I'm looking for a way to generate an iterator that takes an iterable and just passes through the values until a sentinel value appears twice in direct succession. Similar to iter(a.__next__, sentinel) only that sentinel must occur twice.
The following rather uninspired code does the trick, but surely there must be a less verbose solution?
So to put it in a concrete question:
Is there a way to avoid the fully-fledged generator and achieve the same using perhaps itertools or a generator expression?
>>> def repeat_offenders(a, sentinel):
... ia = iter(a)
... for x in ia:
... if x==sentinel:
... try:
... y = next(ia)
... except StopIteration:
... yield x
... raise
... if y==sentinel:
... raise StopIteration
... yield x
... yield y
... else:
... yield x
Here are two examples:
>>> ''.join(repeat_offenders('ABCABCAABBCC', 'B'))
'ABCABCAA'
>>> ''.join(repeat_offenders('ABABAB', 'B'))
'ABABAB'
Note this question is similar but is lacking the generator angle.

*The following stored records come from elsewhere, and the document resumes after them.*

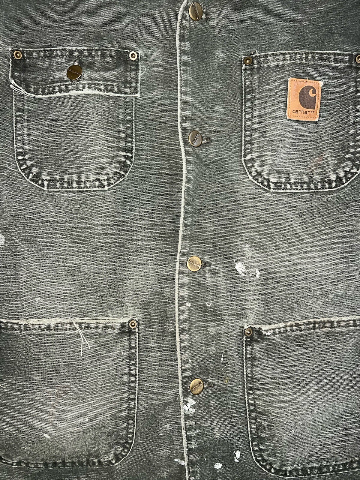 The Carhartt Vintage C02 MOS Large Canvas Blanket Lined Chore Jacket is a stylish and functional outerwear piece for men. Made from durable cotton canvas with a lined interior, this mid-length jacket is perfect for winter, fall, and spring seasons. The jacket features a button-down collar and closure, with accents like branded buttons and logos adding a touch of vintage charm. Ideal for casual wear, travel, or work, this Carhartt jacket is a versatile and timeless addition to any wardrobe.
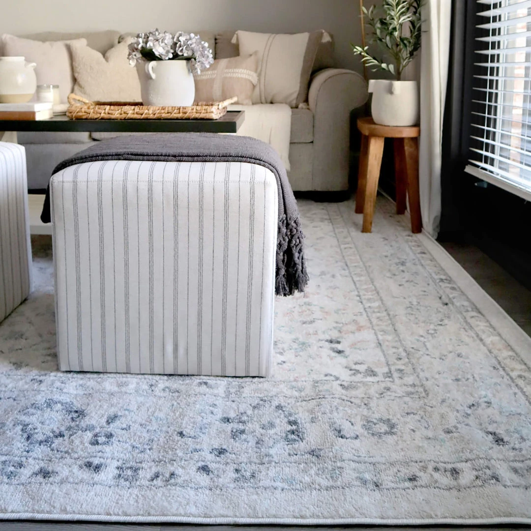 An exclusive design in the Miss Amara Collection, Anine is a bordered vintage distressed style. Decorated with elaborate floral motifs and ornate patterns in transitional multi-tones of ivory, grey, powder blue and pastel pink. A timeless and elegant addition to a modern, classic, bohemian or vintage space.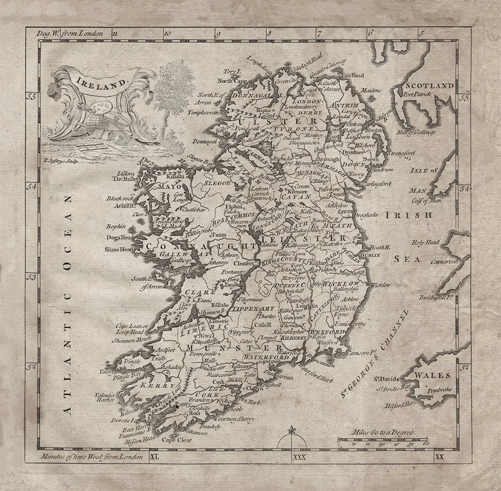 This elegant 18th-century engraved map showcases Ireland in exquisite detail, featuring the four historic provinces of Ulster, Leinster, Munster, and Connaught along with their counties and major towns. Engraved by T. Jefferys, it includes a decorative baroque cartouche and shows geographical features, coastal details, and neighboring Scotland and Wales. A stunning piece for history enthusiasts, those with Irish heritage, or anyone who appreciates fine antique cartography.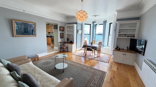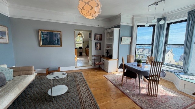 The accommodation is thoughtfully laid out and generously proportioned throughout. Upon entry, you are welcomed by a bright and spacious entrance hall that leads into a large sitting room, complete with a charming bay window that perfectly frames the stunning harbour views. The adjoining kitchen is well-appointed and practical, offering ample space for everyday living.
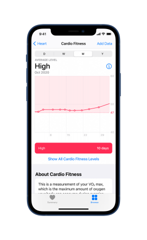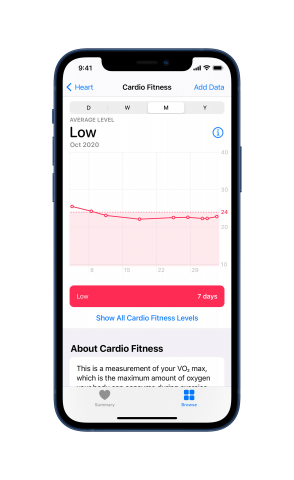 こうしたアップデートについてAppleのヘルス担当上級副社長、サンバル・デサイ博士は 「最大酸素摂取量の重要な点は、実際に打つてだてがある、という点です。その鍵となるのは、より多く運動をし、その強度を上げることで、実際に改善が見られるということです」と説明。
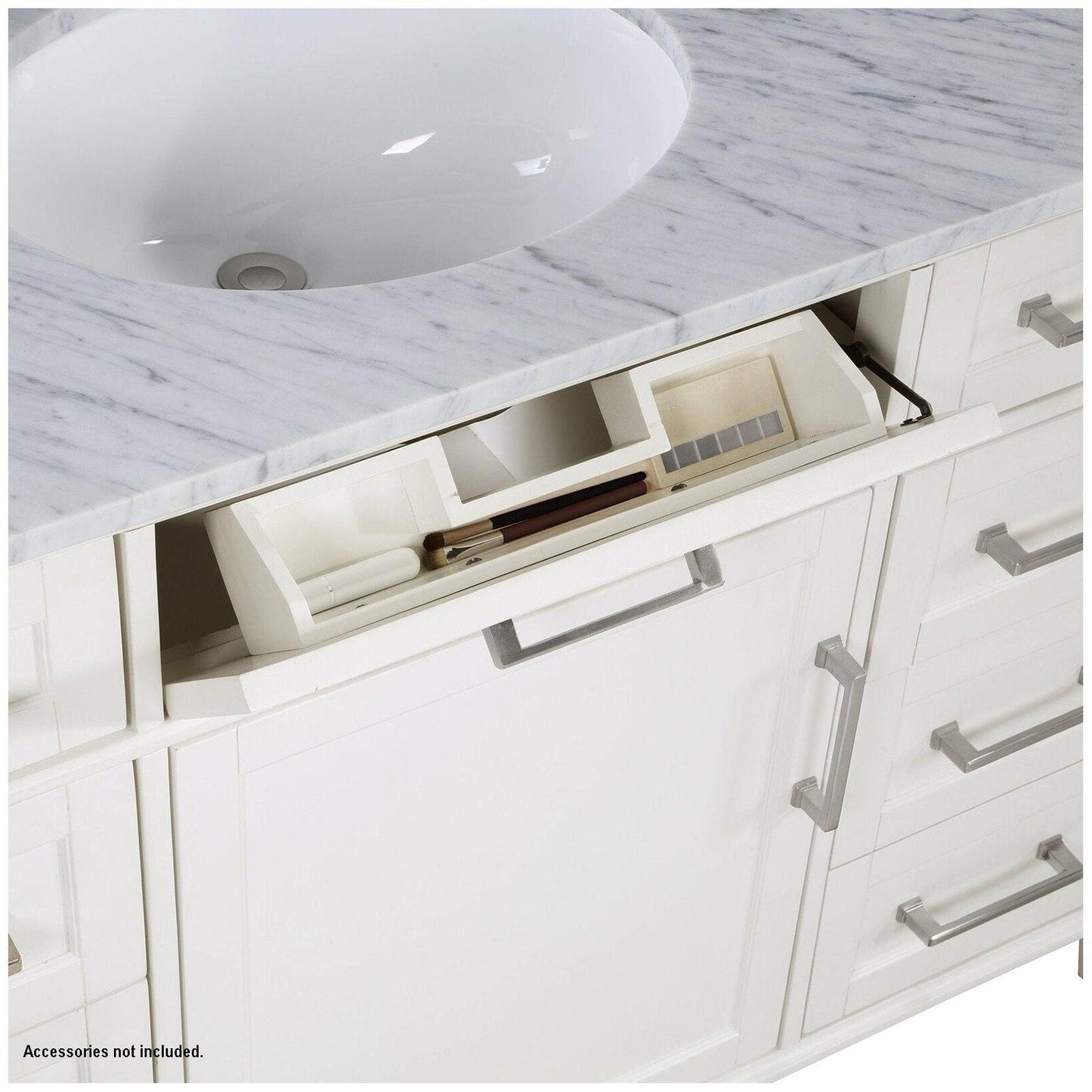 Premium soft-close glides/hinges deliver effortless motion while dovetailed joints provide seamless joinery. Detailed with brushed nickel accents and unassuming classic lines, the Montauk Bathroom Vanity is a sophisticated yet casual piece.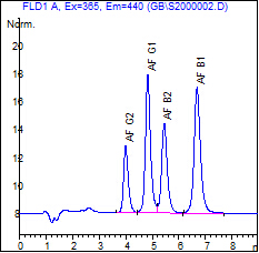本產品的測定的基礎是抗原抗體反應,黃曲霉毒素單克隆抗體連接在柱內凝膠上,樣品中的黃曲霉毒素經過提取、過濾、稀釋,然后將樣品提取液緩慢的通過黃曲霉毒素免疫親和層析柱,在免疫親和柱內,毒素與抗體結合,之后洗滌免疫親和柱除去沒有被結合的其他物質。用甲醇洗脫黃曲霉毒素,然后注入到分析儀器中用于檢測。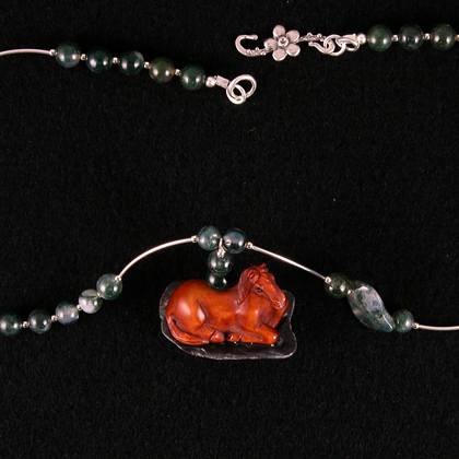 Boxwood horse on necklace of moss agate
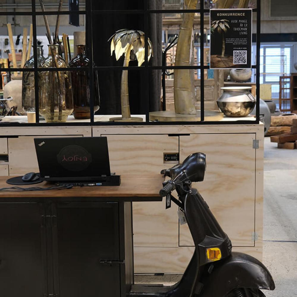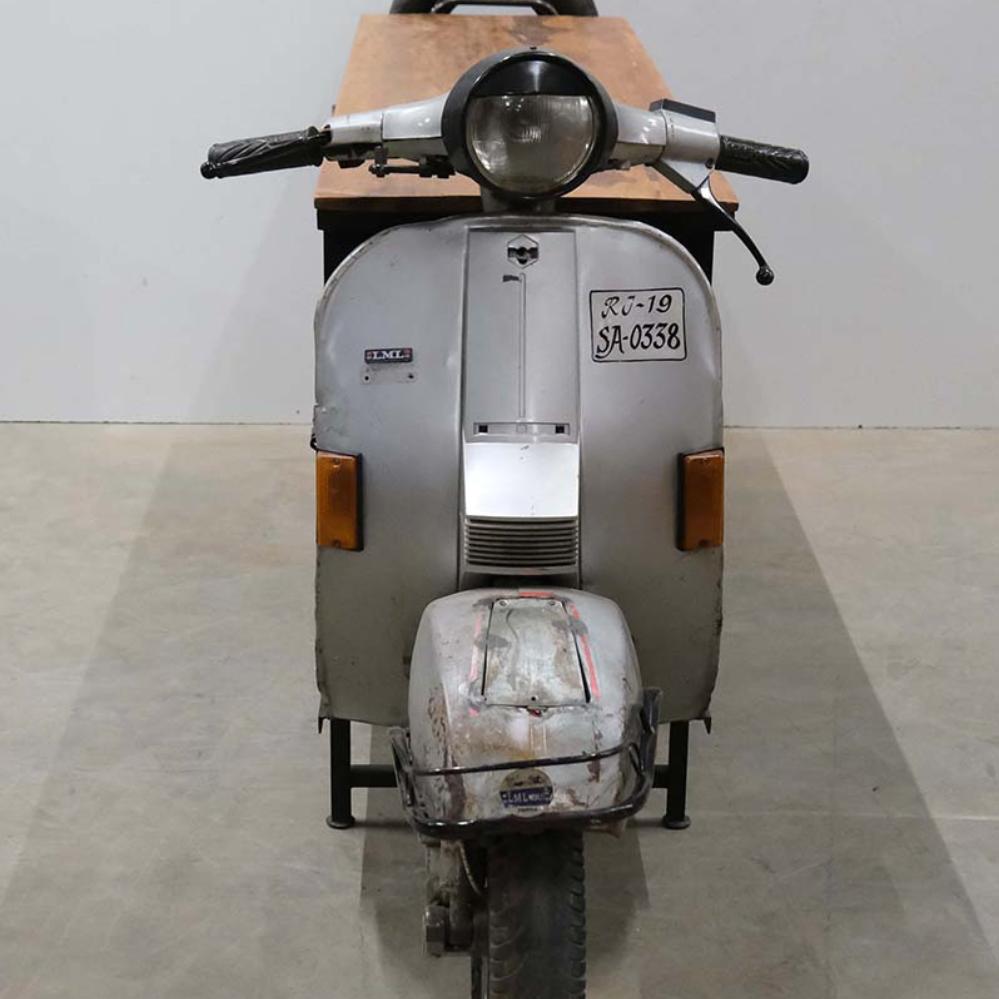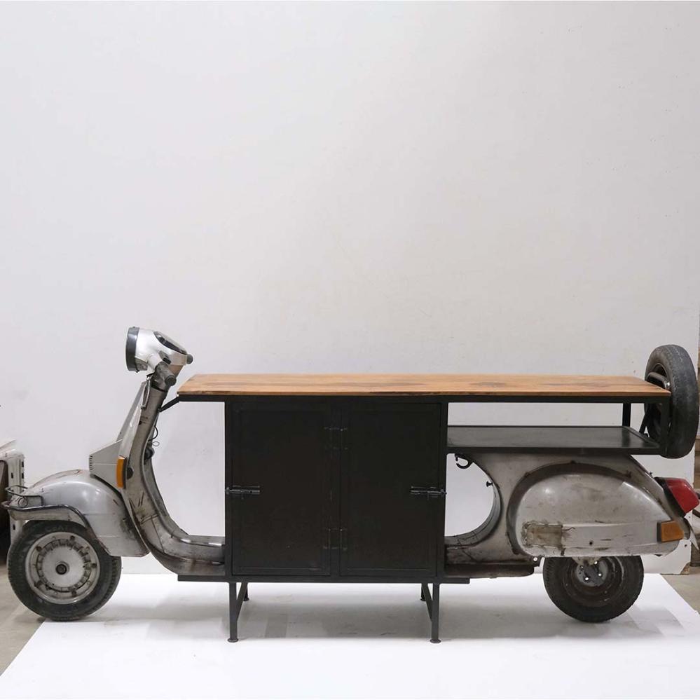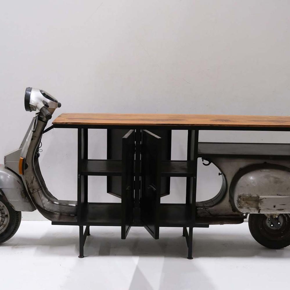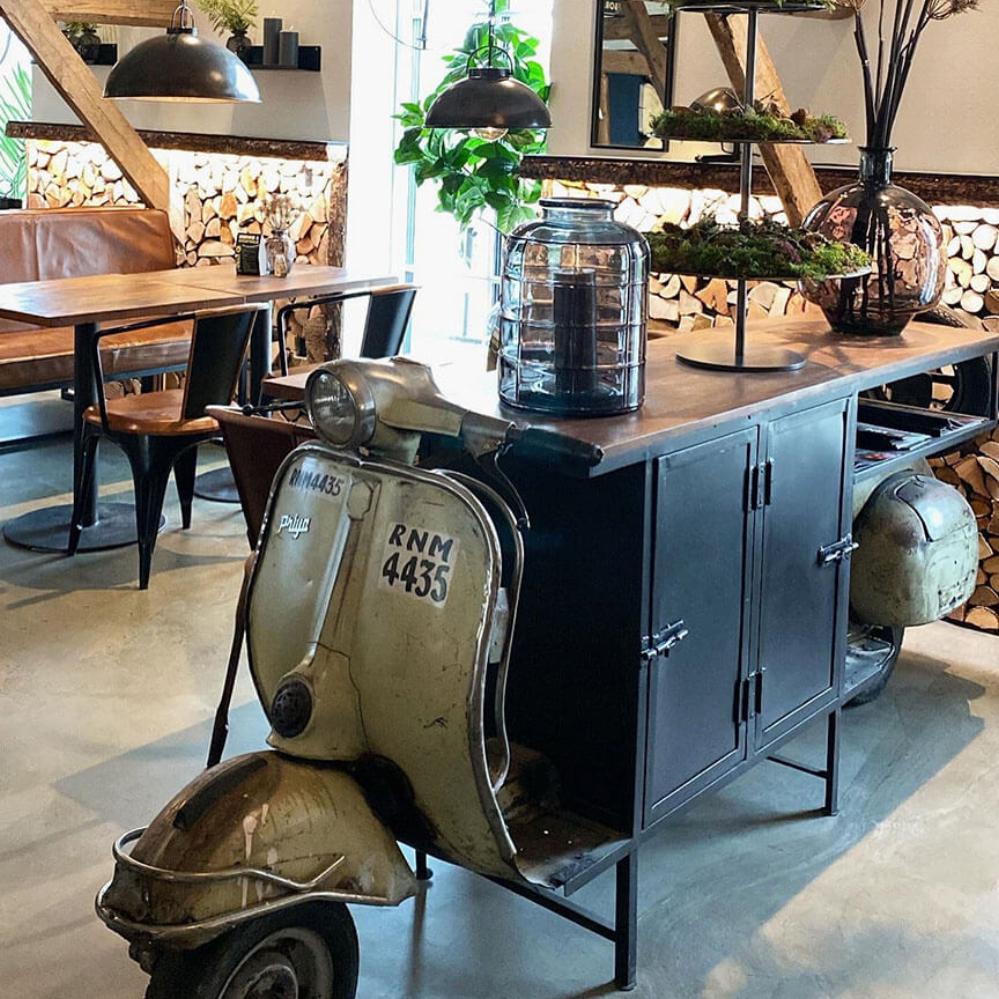 Upcycling auf coole Weise. Hier haben wir einen alten Roller benutzt und daraus einen lustigen und einzigartigen Bartresen gemacht. Ein echter Blickfang, der sowohl praktisch ist als auch Ihrem Dekor eine lustige Geschichte verleiht. Die Bartheke ist ideal in Ihrem Café oder Restaurant und kann auch perfekt in die Firmenkantine gestellt werden. Die Theke hat zwei Eisentüren auf jeder Seite und ein durchgehendes unteres Regal und ein mittleres Regal im Eisenschrank. Die Bilder sprechen für sich. Bitte nehmen Sie zur Kenntnis, dass bei der Bestellung dieser Theke ein großer Unterschied in der Farbe und Ausführung des Rollerteils sowie der oberen Platte aus Altholz vorkommen kann. Maße der Tischplatte: 167 cm lang und 49 cm tief. Plattenhöhe: 89,5 cm.

You could define repeat_offenders in terms of iwindow, a sliding window recipe (which can work on any iterable, not just sequences), and the usual iter(callable, sentinel) idiom:
import itertools as IT
def iwindow(iterable, n=2):
"""
Returns a sliding window (of width n) over data from the iterable.
s -> (s0,s1,...s[n-1]), (s1,s2,...,sn), ..., (sk, None, ..., None)
"""
iterables = IT.tee(iterable, n)
iterables = (IT.islice(it, pos, None) for pos, it in enumerate(iterables))
yield from IT.zip_longest(*iterables)
def repeat_offenders(iterable, sentinel, repeat=2):
return (item[0] for item in iter(iwindow(iterable, repeat).__next__,
(sentinel,)*repeat))
print(''.join(repeat_offenders('ABCABCAABBCC', 'B', 2)))
# ABCABCAA
print(''.join(repeat_offenders('ABABAB', 'B', 2)))
# ABABAB
iwindow is a generalization of the pairwise recipe shown in the itertools docs. By writing repeat_offenders in terms of iwindow, we can generalize the concept to stopping after n repeats practically for free.